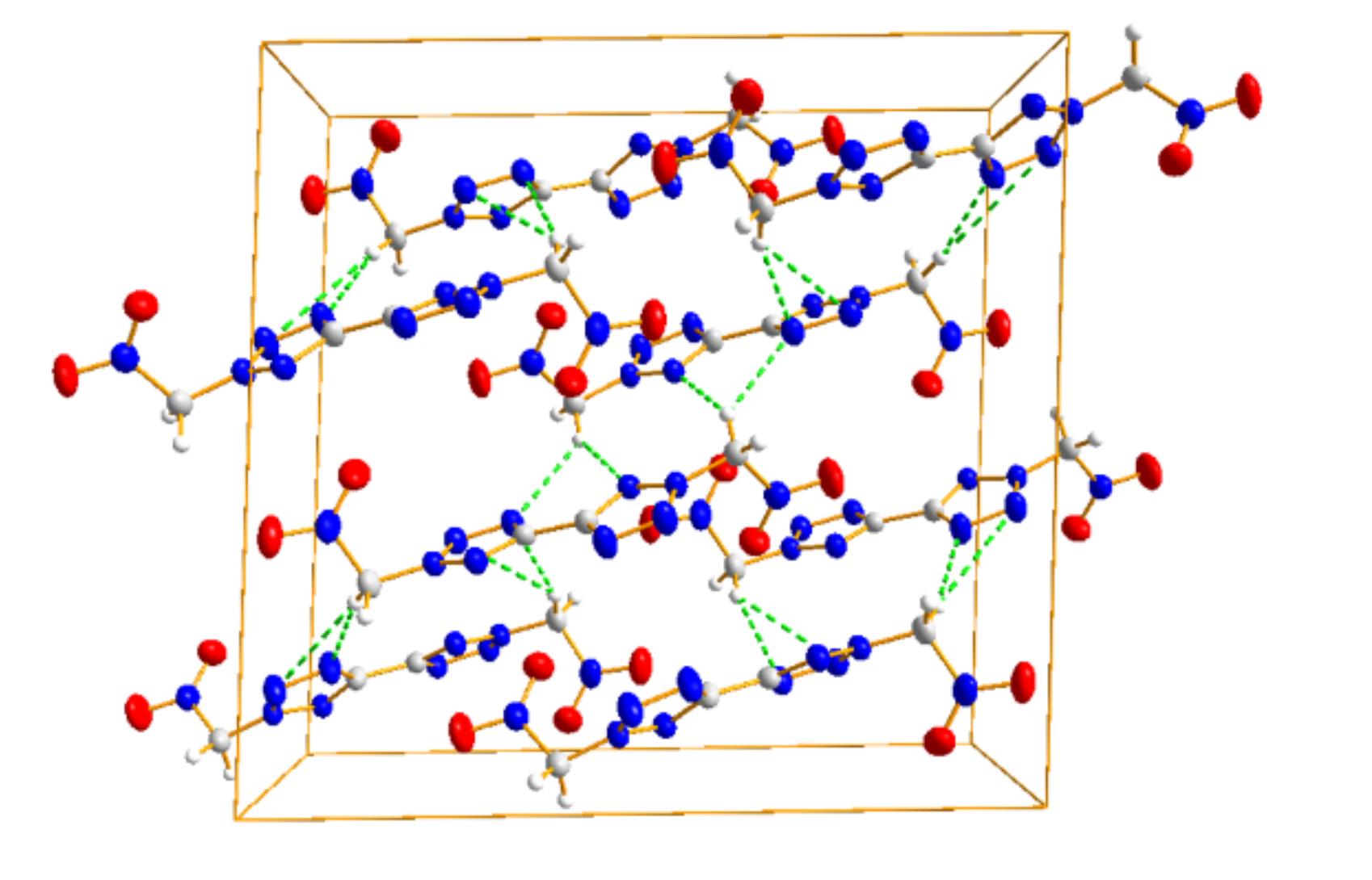 4 )。该化合物的结构经核磁共振波谱(NMR)、高分辨质谱(HRMS)及红外光谱(IR)等多种手段确认。X射线单晶衍射分析表明,化合物4 属于正交晶系,空间群为Pbca,晶体呈层状堆积,室温下晶体密度为1.701 g·cm-3。热重-差示扫描量热(TG-DSC)测试显示,该化合物的热分解起始温度达167 ℃。基于EXPLO5软件的理论计算表明,其理论爆速和爆压分别为8078 m·s-1和25.2 GPa。此外,采用BAM法测得该化合物的撞击感度为9 J,摩擦感度为180 N。 -
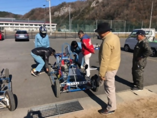 12月6日(土) 新見市防災公園にて第23回全日本高等学校ゼロハンカー大会(12月21日実施)に向けた試走を行いました。早朝から入念にエンジンの調整やセッティングを行い、コースをセットしてハンドリングやアクセルワークなど周囲からアドバイスをもらい、自分の感覚を話しながら走行の調整に励みました。まだまだ多くの調整が必要です。限られた時間で精一杯の準備をしたいと思います。13日(土)同じく試走の予定です。良ければ様子を見に来てください!
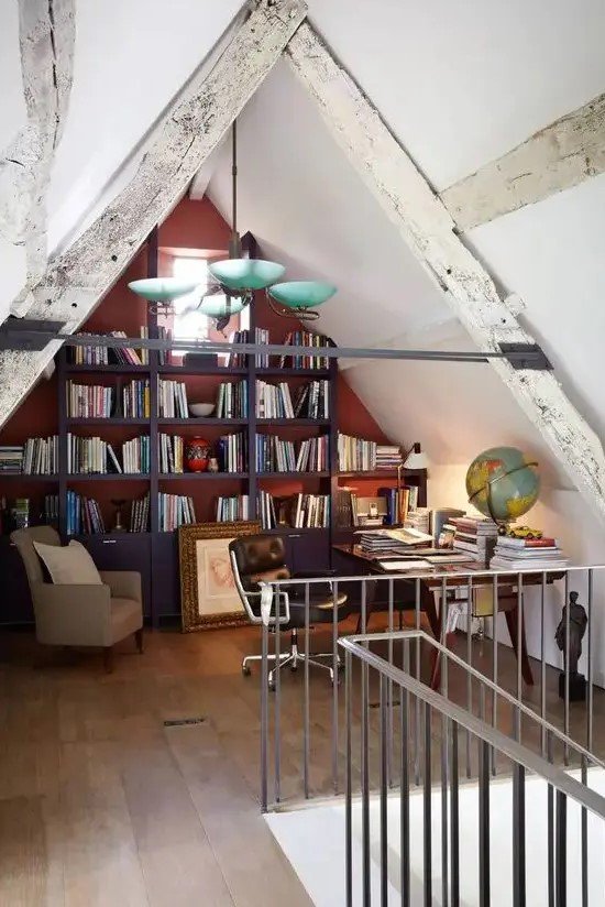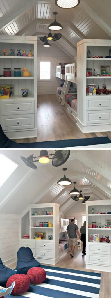 Save space and add charm by placing bookcases at the end of attic bunk beds. A clever storage solution that keeps books, toys, or décor neatly arranged while giving the sleeping area a smart and cozy look.
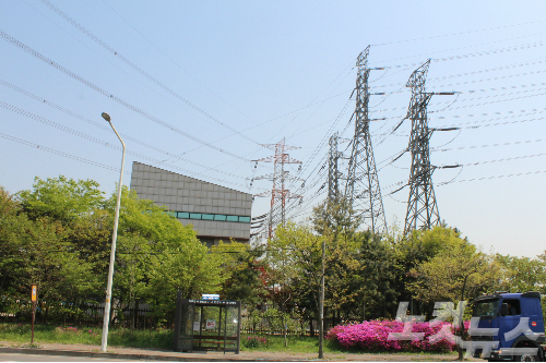 충남 서북부 지역에서 흔히 볼 수 있는 도심 속 송전탑들. 당진시에만 526개의 송전탑이 거미줄처럼 연결돼있다. (사진=신석우 기자)
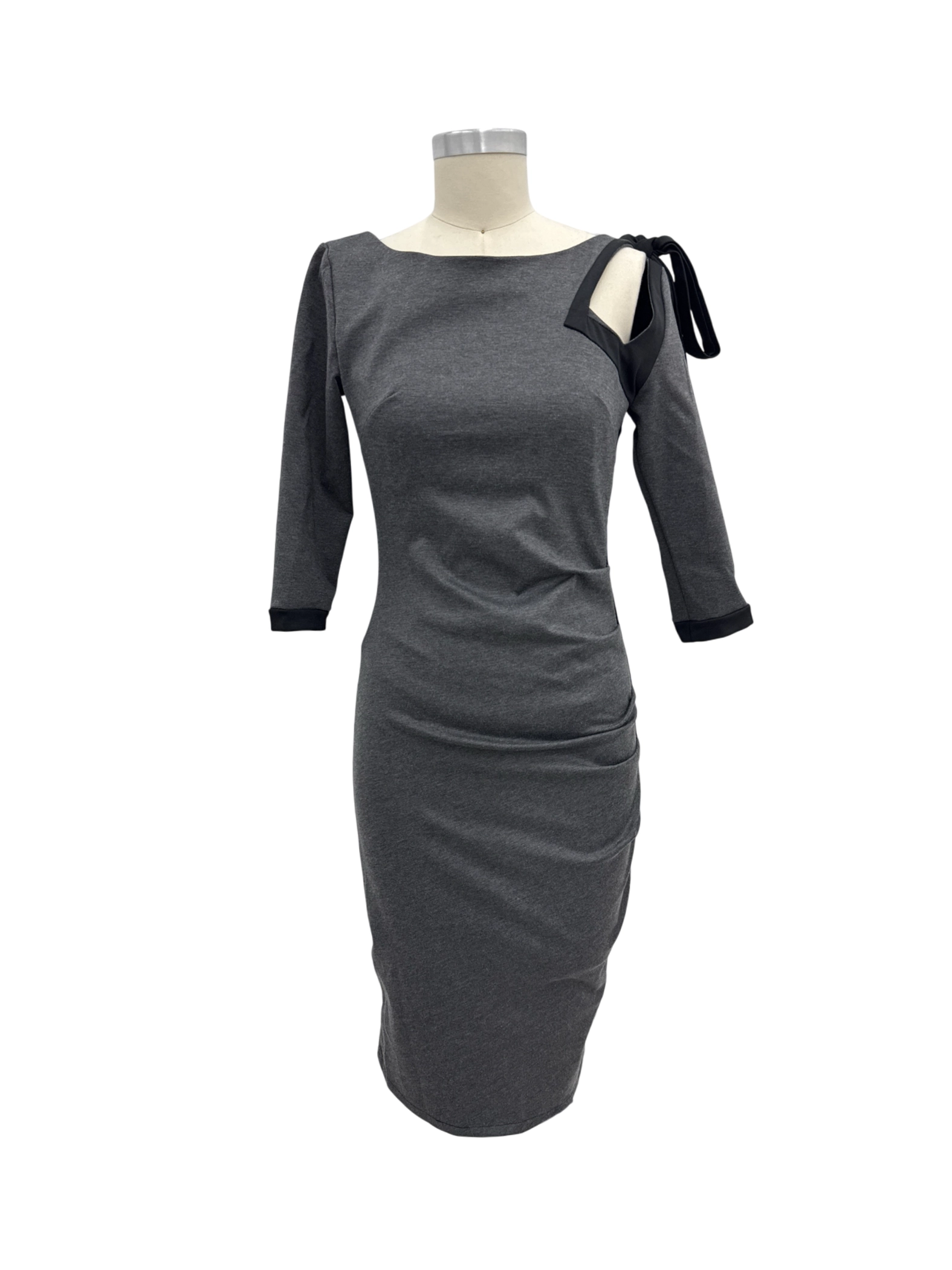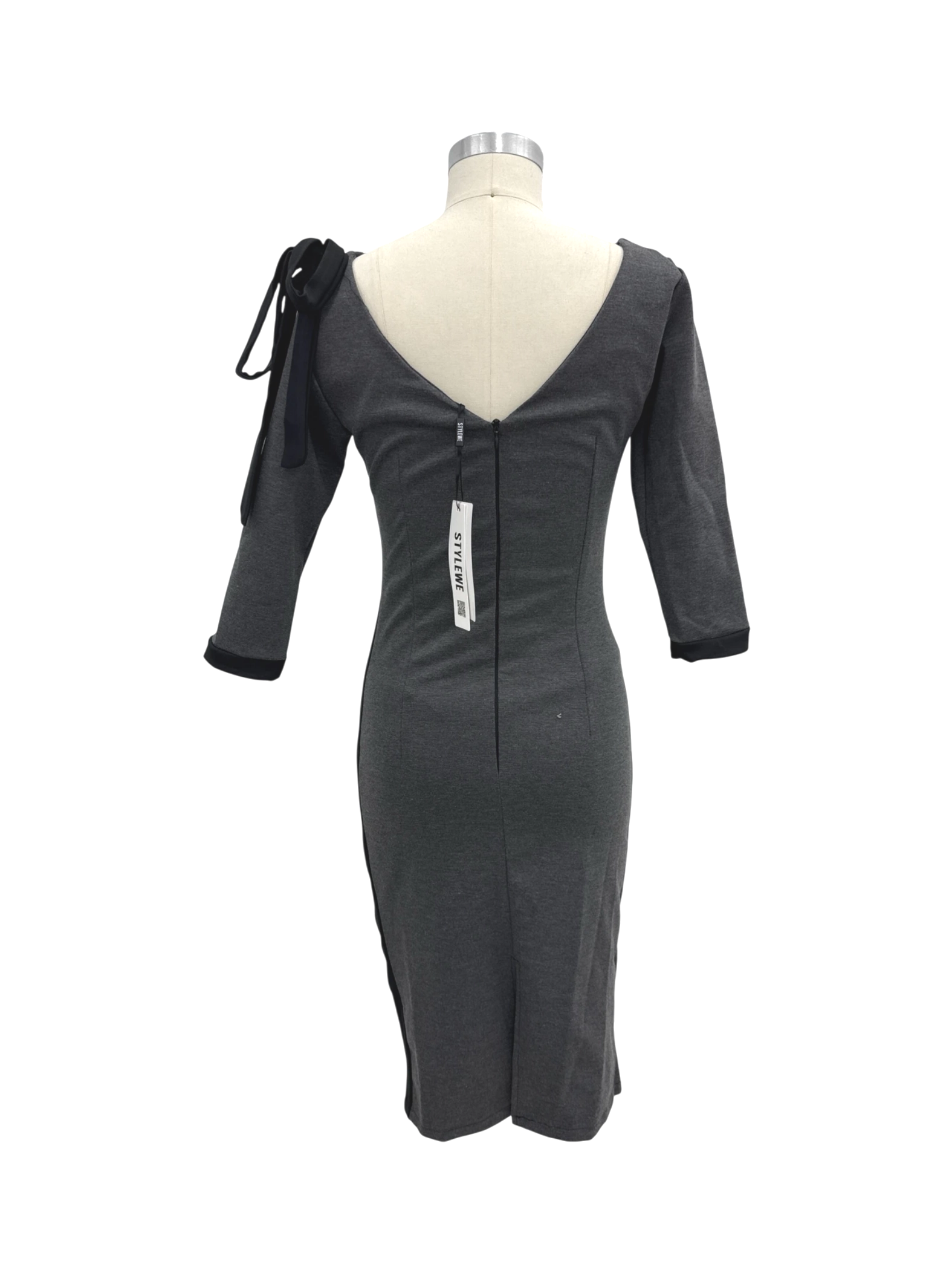 Elevate your wardrobe with this stylish second-hand dress by ABC XINGGANWU. This bodycon dress features a flattering silhouette with an asymmetrical neckline and cutout detail on the shoulder, perfect for creating a chic and modern look. The gray color and black accents make it versatile for various occasions. Crafted from a blend of polyester and spandex, this dress offers both comfort and a flattering fit. A perfect piece for a sophisticated and stylish look.
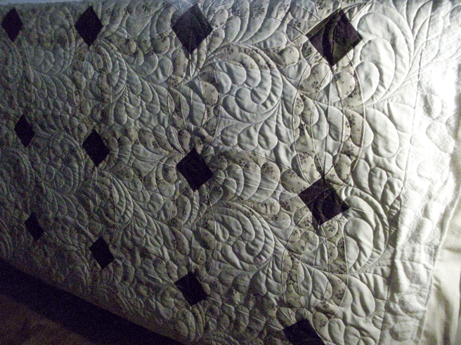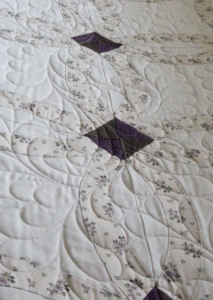 The cornerstones are high contrast, but they are small in comparison to the size of the quilt.  To blend the quilting we didn’t use a white thread, nor an off-white thread.  We chose to use a very light lavendar thread (So Fine #501 Barely Purple).  This thread being a 50/3 weight and not being white blended beautifully into the background, but stayed a bit muted on the dark cornerstones.
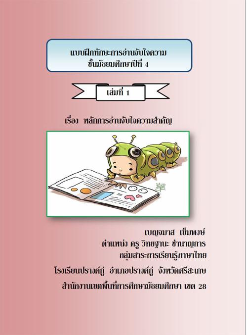 แบบฝึกทักษะการอ่านจับใจความ ชั้นมัธยมศึกษาปีที่ 4 เรื่องหลักการอ่านจับใจความสำคัญ ผลงานครูเบญจมาศ เข็มพงษ์
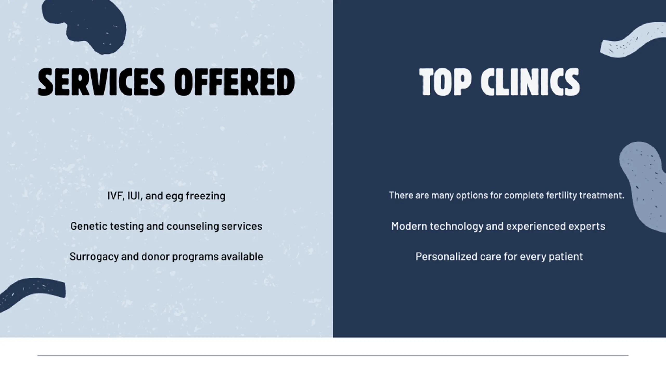 SERVICES OFFERED TOP CLINICS IVF, IUI, and egg freezing There are many options for complete fertility treatment. Modern technology and experienced experts Genetic testing and counseling services Personalized care for every patient Surrogacy and donor programs available
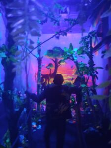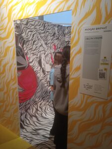 C’est une exposition d’art, à laquelle 41 artistes ont participé. Chacun de ces artistes devait décorer une salle de 9m² en utilisant soit de la peinture, du carton, des décors, du crochet…
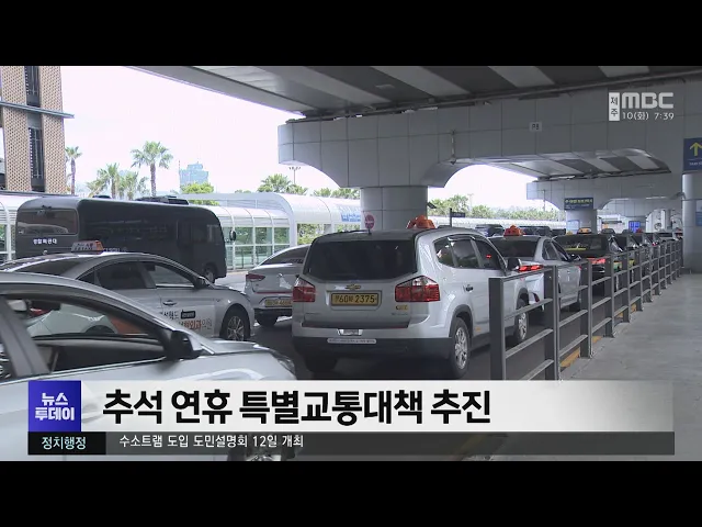 추석 연휴 기간에 특별교통대책이 추진됩니다. 제주도는 추석 연휴 교통수요 증가에 대비해 오는 14일부터 18일까지 닷새 동안 특별교통대책을 마련하고 교통대책상황실을 운영합니다. 특히 기상악화 등의 이유로 제주공항 내에 체류객이 많이 발생할 경우 비상수송지침에 따라 전세버스와 택시를 추가로 투입합니다. 또 ...
_ _ _ _ _
=== Your goal ===
Your copy should hold only the lines from the one containing "SERVICES OFFERED TOP" through the last line of the listing, both included, retyped exactly and free of pictures.

=== Output of the task ===
 SERVICES OFFERED TOP CLINICS IVF, IUI, and egg freezing There are many options for complete fertility treatment. Modern technology and experienced experts Genetic testing and counseling services Personalized care for every patient Surrogacy and donor programs available
 C’est une exposition d’art, à laquelle 41 artistes ont participé. Chacun de ces artistes devait décorer une salle de 9m² en utilisant soit de la peinture, du carton, des décors, du crochet…
 추석 연휴 기간에 특별교통대책이 추진됩니다. 제주도는 추석 연휴 교통수요 증가에 대비해 오는 14일부터 18일까지 닷새 동안 특별교통대책을 마련하고 교통대책상황실을 운영합니다. 특히 기상악화 등의 이유로 제주공항 내에 체류객이 많이 발생할 경우 비상수송지침에 따라 전세버스와 택시를 추가로 투입합니다. 또 ...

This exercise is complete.